Happy Christmas everyone! I hope your holiday has been, and will continue to be filled with love, joy, family, friends and endless layers of sweetness like this fluffy carrot cake.

Carrot cake isn’t necessarily a conventional Christmas dessert, not like a steamed pudding or trifle anyway, but it does make a nice addition to the holiday feasting because it incorporates a lot of the foods we associate with the holidays.  The delicate layers of cake are full of sugar, spices, nuts, fruit and shredded carrots layered between thick, creamy cream cheese frosting for a smooth and satisfying finish to any holiday meal. It’s not overly sweet and can be a welcome change to some of the sweeter desserts being whipped up right now.


Though I usually wrap the whole cake in frosting, this time I wanted to cut back on the richness a little and thought I’d just layer the cake with frosting and top it off with a sprinkle of powdered sugar.  I placed a doilie upside down on top of the cake and sprinkled powdered sugar with a little sifter around the edges until the holes in the doilie were covered.  The result was a pretty outline of the doilie to decorate the cake, without the heaviness of a lot of cream cheese frosting. My family was delighted with the results as they raved about the rich and satisfying taste of the cake without some of the extra calories that usually come with a lot of frosting.


Wrapped entirely in frosting or filled just between the layers, this carrot cake is a delicious way to entertain family or friends during the holiday season because the ingredients can be adjusted to suit your preferences by changing golden raisins for dried currants, shredded coconut (my personal favorite) or pineapple chunks.

My sincere best wishes for a wonderful year of sweetness and joy!


Carrot Cake with Cream Cheese Frosting

Adapted from Vintage Cakes by Julie Richardson


1 cup all-purpose flour

1 cup whole wheat flour

1 1/2 teaspoons baking powder

1/2 teaspoon baking soda

1/2 teaspoon fine sea salt

1 teaspoon cinnamon

1 teaspoon ground ginger

1/4 teaspoon ground nutmeg

11/2 cups granulated sugar

1/2 cup firmly packed brown sugar

3/4 cup canola oil

4 eggs, at room temperature

1/2 cup buttermilk, at room temperature

1 pound peeled and coarsely grated carrots (approximately 3 cups)

1/2 cup chopped walnuts, untoasted

1/2 cup golden raisins


1. Center an oven rack and preheat the oven to 350 degrees F.

2. Sift together the flours, baking powder, soda, salt, ginger, cinnamon, and nutmeg in a bowl, then whisk the mixture by hand to ensure that the ingredients are well mixed.

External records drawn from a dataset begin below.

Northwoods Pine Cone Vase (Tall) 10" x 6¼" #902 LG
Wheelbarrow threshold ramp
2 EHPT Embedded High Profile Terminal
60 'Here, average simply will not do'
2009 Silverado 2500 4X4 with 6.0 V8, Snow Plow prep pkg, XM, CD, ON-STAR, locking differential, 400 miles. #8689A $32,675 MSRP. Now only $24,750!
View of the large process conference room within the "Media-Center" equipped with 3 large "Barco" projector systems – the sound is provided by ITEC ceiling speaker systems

3. In the bowl of a stand mixer fitted with the paddle attachment, combine the sugars with the oil on low-speed until the mixture resembles wet sand. As you make the batter, stop the mixer frequently and scrape the paddle and the sides of the bowl with a rubber spatula. Add the eggs one at a time, adding the next one as soon as the previous one has disappeared into the batter. Increase the speed to medium-high and blend for 3 minutes.  The thick batter will increase in volume and lighten in color. With the mixer on low-speed, add the flour mixture in three parts, alternating with the buttermilk in two parts, beginning and ending with the flour. After each addition, mix until just barely blended and stop and scrape the bowl.  Stop the mixer before the last of the flour has been incorporated and complete the blending by hand with a rubber spatula to ensure you do not over-beat the batter. Fold in the carrots, golden raisins and the walnuts.

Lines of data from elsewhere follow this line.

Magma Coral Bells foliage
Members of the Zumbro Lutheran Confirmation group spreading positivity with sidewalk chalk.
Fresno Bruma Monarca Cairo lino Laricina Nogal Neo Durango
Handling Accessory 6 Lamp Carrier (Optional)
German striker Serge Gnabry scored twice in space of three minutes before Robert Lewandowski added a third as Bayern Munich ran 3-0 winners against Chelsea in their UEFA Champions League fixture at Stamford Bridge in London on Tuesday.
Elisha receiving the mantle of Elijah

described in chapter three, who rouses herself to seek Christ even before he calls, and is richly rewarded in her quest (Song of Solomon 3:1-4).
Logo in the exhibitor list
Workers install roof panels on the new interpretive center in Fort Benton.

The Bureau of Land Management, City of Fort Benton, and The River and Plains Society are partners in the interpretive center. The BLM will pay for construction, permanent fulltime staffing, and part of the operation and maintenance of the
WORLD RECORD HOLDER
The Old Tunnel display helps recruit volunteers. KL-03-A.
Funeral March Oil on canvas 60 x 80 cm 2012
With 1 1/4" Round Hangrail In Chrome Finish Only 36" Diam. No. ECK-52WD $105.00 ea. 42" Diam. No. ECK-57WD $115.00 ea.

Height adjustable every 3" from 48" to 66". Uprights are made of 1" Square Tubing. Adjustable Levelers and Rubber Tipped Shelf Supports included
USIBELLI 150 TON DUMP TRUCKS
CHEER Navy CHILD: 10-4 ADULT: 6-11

4. Divide the batter evenly between four prepared pans.  Place the pans in the center of the oven and bake until the cakes are golden and spring back when lightly touched in the middle, 20 to 25 minutes.

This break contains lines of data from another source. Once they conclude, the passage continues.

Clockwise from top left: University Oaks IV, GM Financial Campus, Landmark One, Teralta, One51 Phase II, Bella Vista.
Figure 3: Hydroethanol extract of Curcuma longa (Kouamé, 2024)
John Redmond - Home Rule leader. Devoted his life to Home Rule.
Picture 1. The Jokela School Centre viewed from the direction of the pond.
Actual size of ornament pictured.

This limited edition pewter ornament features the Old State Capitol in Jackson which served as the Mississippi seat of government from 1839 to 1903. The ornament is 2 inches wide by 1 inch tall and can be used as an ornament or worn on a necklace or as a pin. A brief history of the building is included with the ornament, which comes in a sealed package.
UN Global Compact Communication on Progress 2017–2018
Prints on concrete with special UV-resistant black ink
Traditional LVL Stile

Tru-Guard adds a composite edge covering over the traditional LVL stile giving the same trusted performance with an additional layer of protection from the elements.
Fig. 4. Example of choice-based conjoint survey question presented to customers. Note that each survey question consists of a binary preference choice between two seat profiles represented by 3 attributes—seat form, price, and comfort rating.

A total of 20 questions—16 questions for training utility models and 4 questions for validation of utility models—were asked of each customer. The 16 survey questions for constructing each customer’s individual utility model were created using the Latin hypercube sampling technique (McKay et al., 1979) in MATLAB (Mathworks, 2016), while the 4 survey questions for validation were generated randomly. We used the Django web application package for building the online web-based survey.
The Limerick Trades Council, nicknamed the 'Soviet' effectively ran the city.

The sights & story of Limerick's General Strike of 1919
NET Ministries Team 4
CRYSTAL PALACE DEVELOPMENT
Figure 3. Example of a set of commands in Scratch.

5. Promptly run a knife around the edge of the pan to help the cake retract evenly from the sides while cooling. Cool the cakes in their pans for 10-12 minutes, taking extra care as they are fragile and could crack. Leave them to cool on the rack, top side up, until they reach room temperature and you are ready to assemble the cake.

6. To assemble the cake, place one of the layers, top side up, on a serving plate. If the cake is domed in the middle you may need to use a serrated knife to trim off the domed area.  Using a metal spatula, spread one-third of the frosting over the cake, spreading it slightly to the edge. Place the next layer of cake, top side down, on top of the frosted layer, remembering to trim any excessive doming first, if necessary.  Repeat again, ending with the last layer placed top side up on the frosting. Place a doilie upside down on top the cake and press it down until it sticks slightly. Fill a small sifter with a tablespoon of powdered sugar, taping it gently with your hand over the edges of the doilie until you have gone all the way around.  Carefully remove the doilie by lifting it gently up and away from the cake and you should have a lovely decorative pattern that will last for several hours.  If left overnight the powdered sugar will be absorbed into the cake so if you are entertaining, it may be best to leave this part until just before your guests arrive.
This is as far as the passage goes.